START Data for this exercise
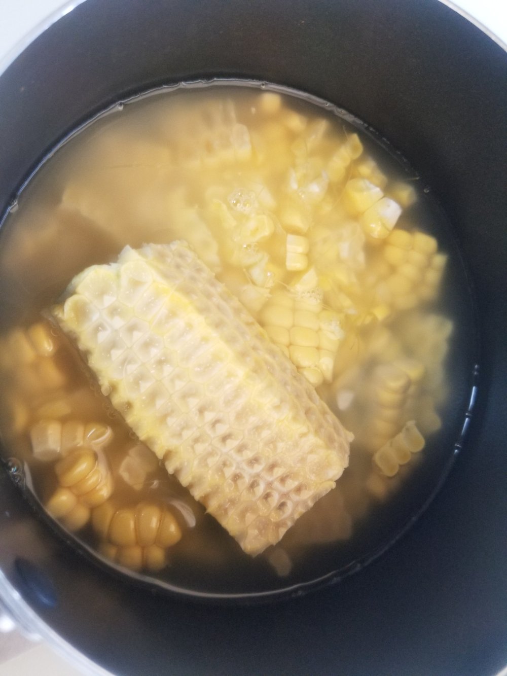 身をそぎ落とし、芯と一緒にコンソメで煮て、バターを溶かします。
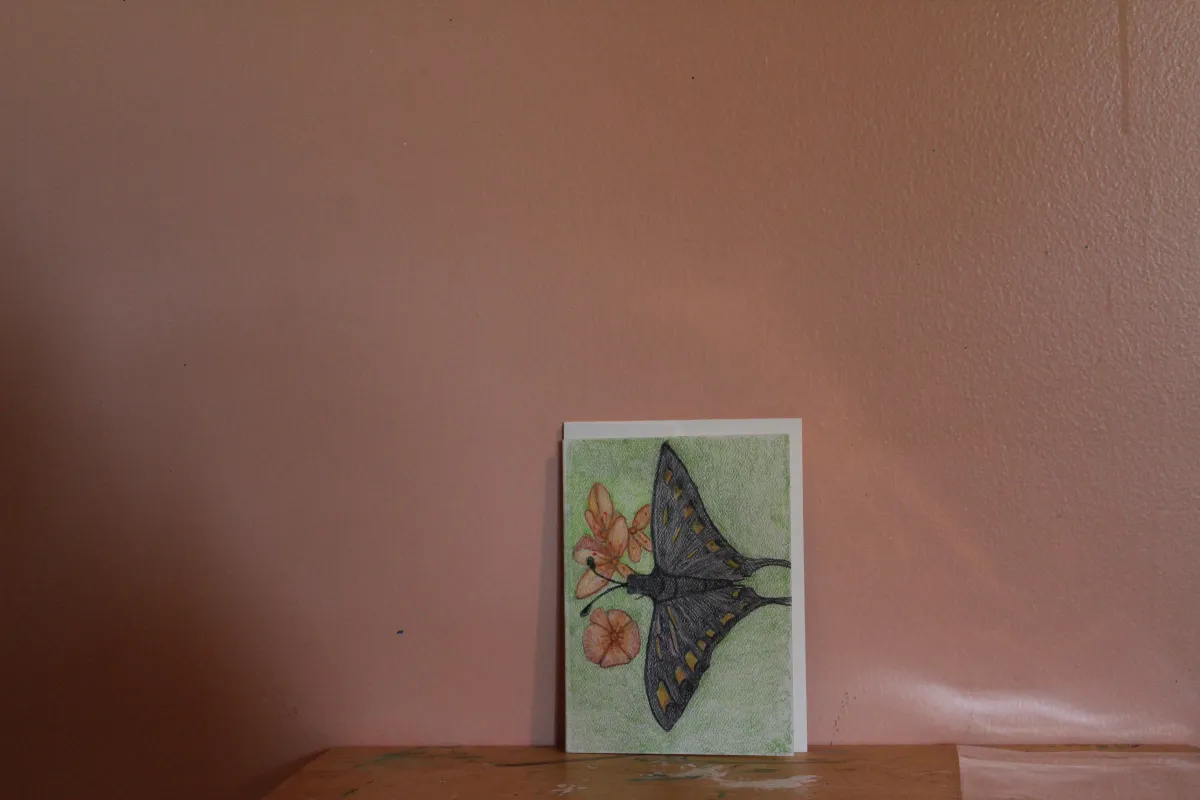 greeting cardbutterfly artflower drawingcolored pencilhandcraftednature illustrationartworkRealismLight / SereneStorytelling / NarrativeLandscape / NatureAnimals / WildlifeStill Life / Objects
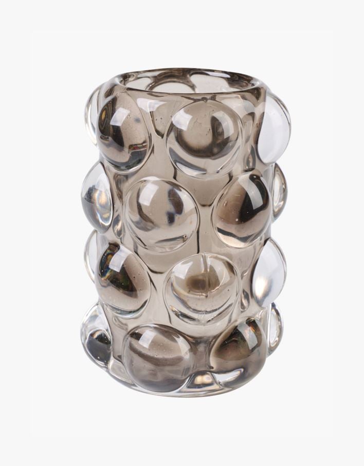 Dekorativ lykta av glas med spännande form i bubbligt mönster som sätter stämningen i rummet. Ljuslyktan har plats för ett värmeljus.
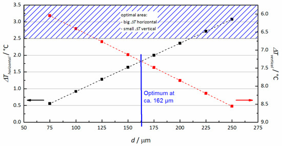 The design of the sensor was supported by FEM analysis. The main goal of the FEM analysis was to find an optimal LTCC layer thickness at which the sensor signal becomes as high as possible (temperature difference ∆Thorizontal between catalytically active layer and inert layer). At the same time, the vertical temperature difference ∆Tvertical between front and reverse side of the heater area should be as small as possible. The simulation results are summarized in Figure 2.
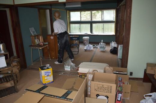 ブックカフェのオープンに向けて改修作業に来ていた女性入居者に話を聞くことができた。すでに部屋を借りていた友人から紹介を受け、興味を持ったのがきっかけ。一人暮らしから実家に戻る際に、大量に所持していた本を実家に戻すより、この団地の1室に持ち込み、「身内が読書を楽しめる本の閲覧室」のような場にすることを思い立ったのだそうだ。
END Data for this exercise
START Data for this exercise
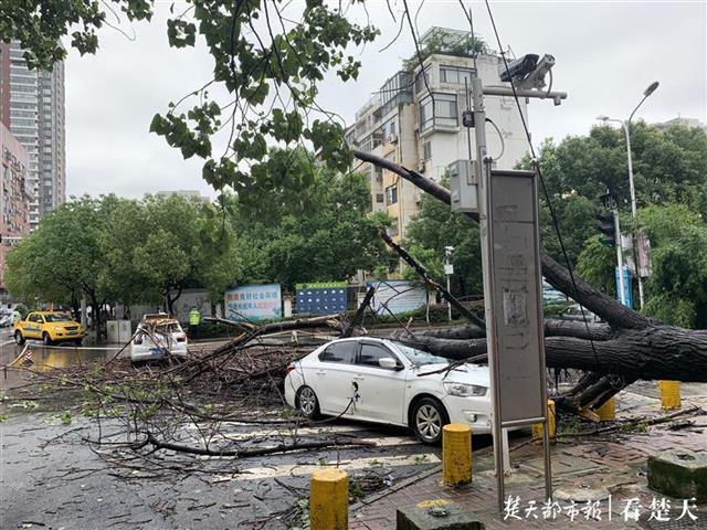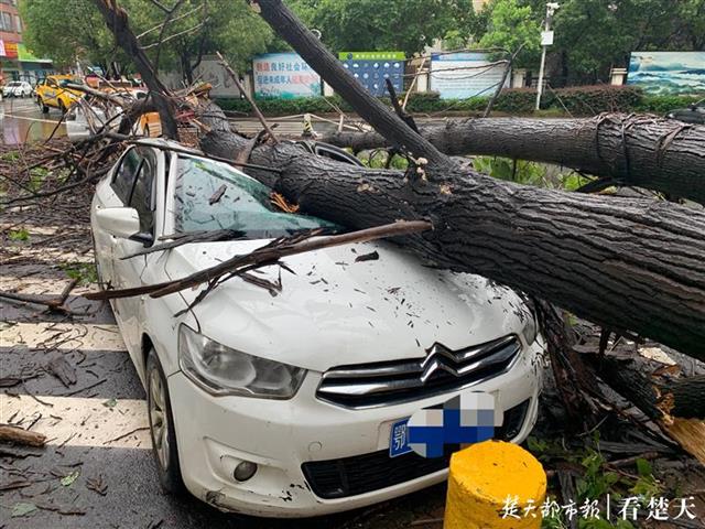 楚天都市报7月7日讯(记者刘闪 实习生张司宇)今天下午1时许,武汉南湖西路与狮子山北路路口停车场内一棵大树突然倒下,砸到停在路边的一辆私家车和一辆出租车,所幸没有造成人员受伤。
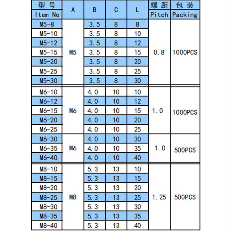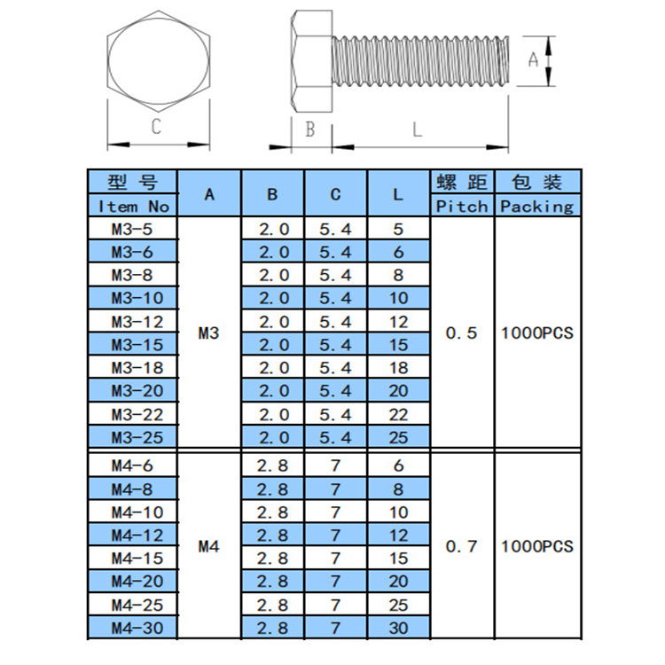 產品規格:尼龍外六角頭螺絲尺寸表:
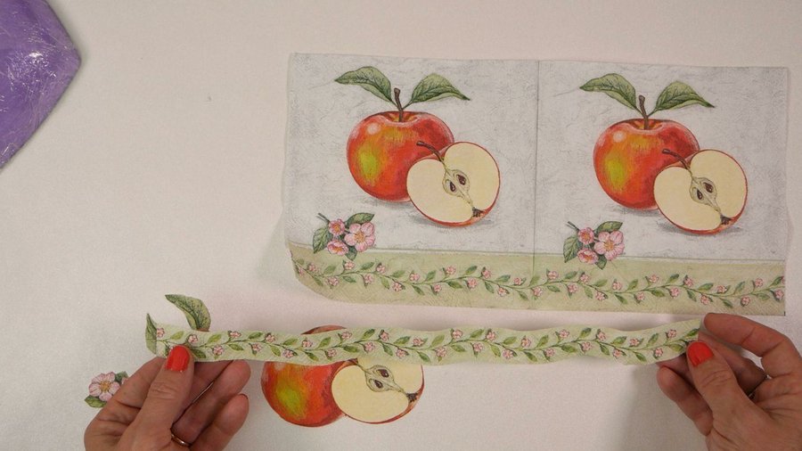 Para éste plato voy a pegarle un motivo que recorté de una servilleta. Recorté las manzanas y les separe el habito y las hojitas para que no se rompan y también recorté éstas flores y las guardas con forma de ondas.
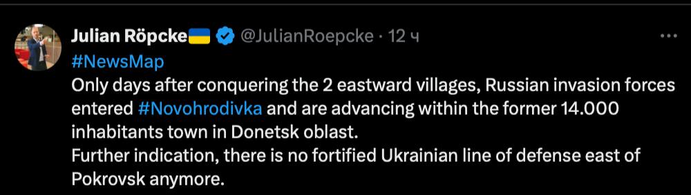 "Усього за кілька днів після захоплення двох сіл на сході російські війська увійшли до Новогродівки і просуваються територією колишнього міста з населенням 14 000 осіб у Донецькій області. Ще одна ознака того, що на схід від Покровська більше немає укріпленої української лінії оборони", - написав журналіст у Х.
END Data for this exercise
#### [Task to carry out]
Find the line with "greeting cardbutterfly artflower" and the line with "Dekorativ lykta av" in the records above. Copy both and all lines between them exactly, without pictures.

#### [Answer to the problem]
 greeting cardbutterfly artflower drawingcolored pencilhandcraftednature illustrationartworkRealismLight / SereneStorytelling / NarrativeLandscape / NatureAnimals / WildlifeStill Life / Objects
 Dekorativ lykta av glas med spännande form i bubbligt mönster som sätter stämningen i rummet. Ljuslyktan har plats för ett värmeljus.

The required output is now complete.